BEGIN Input material

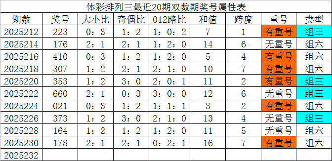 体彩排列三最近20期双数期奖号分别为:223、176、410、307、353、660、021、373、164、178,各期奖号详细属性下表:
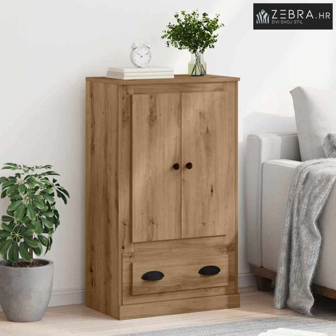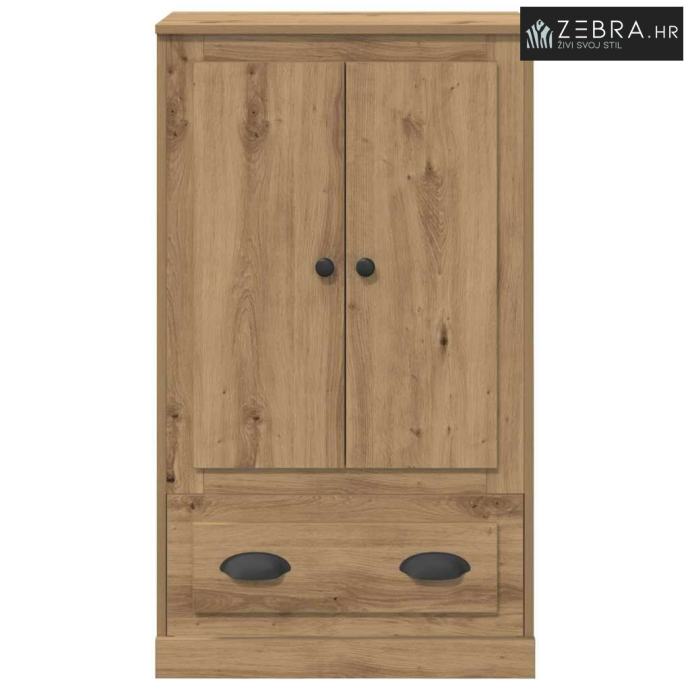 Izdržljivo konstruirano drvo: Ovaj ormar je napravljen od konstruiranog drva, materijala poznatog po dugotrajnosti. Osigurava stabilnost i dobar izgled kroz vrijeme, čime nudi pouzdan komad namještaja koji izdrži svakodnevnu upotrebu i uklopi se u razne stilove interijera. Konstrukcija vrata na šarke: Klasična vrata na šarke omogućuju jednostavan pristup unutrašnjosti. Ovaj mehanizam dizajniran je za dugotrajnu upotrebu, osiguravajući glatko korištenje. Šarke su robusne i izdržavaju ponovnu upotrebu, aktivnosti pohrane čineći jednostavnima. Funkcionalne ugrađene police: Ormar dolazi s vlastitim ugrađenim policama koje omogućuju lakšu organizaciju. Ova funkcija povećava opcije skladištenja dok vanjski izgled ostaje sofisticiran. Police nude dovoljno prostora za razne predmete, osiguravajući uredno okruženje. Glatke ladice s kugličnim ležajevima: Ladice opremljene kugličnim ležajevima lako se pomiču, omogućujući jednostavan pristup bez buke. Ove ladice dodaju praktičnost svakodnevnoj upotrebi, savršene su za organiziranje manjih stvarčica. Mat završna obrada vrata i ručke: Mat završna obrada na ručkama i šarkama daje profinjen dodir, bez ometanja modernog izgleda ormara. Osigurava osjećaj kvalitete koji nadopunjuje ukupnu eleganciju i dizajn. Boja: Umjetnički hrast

END Input material
BEGIN Input material

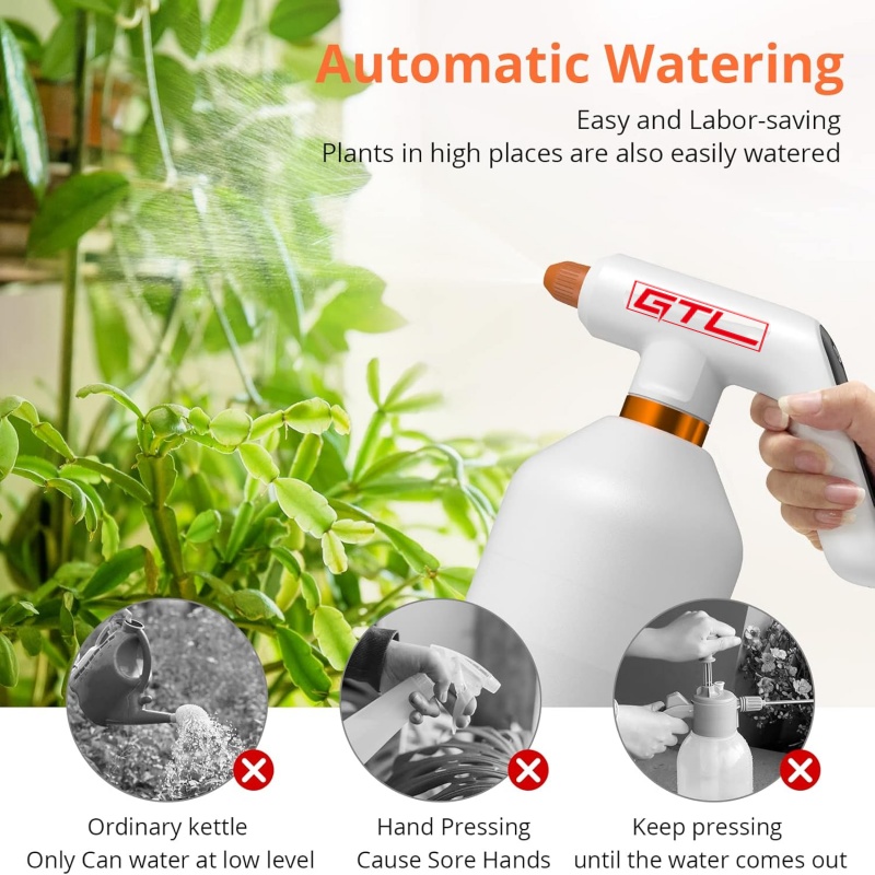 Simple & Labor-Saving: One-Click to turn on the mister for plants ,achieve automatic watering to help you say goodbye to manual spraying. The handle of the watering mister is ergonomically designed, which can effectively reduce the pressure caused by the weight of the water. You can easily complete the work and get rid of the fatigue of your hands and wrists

END Input material

With pictures excluded, reproduce exactly the lines above from the one containing "体彩排列三最近20期双数期奖" down to the one containing "Izdržljivo konstruirano drvo: Ovaj", those two included.

 体彩排列三最近20期双数期奖号分别为:223、176、410、307、353、660、021、373、164、178,各期奖号详细属性下表:
 Izdržljivo konstruirano drvo: Ovaj ormar je napravljen od konstruiranog drva, materijala poznatog po dugotrajnosti. Osigurava stabilnost i dobar izgled kroz vrijeme, čime nudi pouzdan komad namještaja koji izdrži svakodnevnu upotrebu i uklopi se u razne stilove interijera. Konstrukcija vrata na šarke: Klasična vrata na šarke omogućuju jednostavan pristup unutrašnjosti. Ovaj mehanizam dizajniran je za dugotrajnu upotrebu, osiguravajući glatko korištenje. Šarke su robusne i izdržavaju ponovnu upotrebu, aktivnosti pohrane čineći jednostavnima. Funkcionalne ugrađene police: Ormar dolazi s vlastitim ugrađenim policama koje omogućuju lakšu organizaciju. Ova funkcija povećava opcije skladištenja dok vanjski izgled ostaje sofisticiran. Police nude dovoljno prostora za razne predmete, osiguravajući uredno okruženje. Glatke ladice s kugličnim ležajevima: Ladice opremljene kugličnim ležajevima lako se pomiču, omogućujući jednostavan pristup bez buke. Ove ladice dodaju praktičnost svakodnevnoj upotrebi, savršene su za organiziranje manjih stvarčica. Mat završna obrada vrata i ručke: Mat završna obrada na ručkama i šarkama daje profinjen dodir, bez ometanja modernog izgleda ormara. Osigurava osjećaj kvalitete koji nadopunjuje ukupnu eleganciju i dizajn. Boja: Umjetnički hrast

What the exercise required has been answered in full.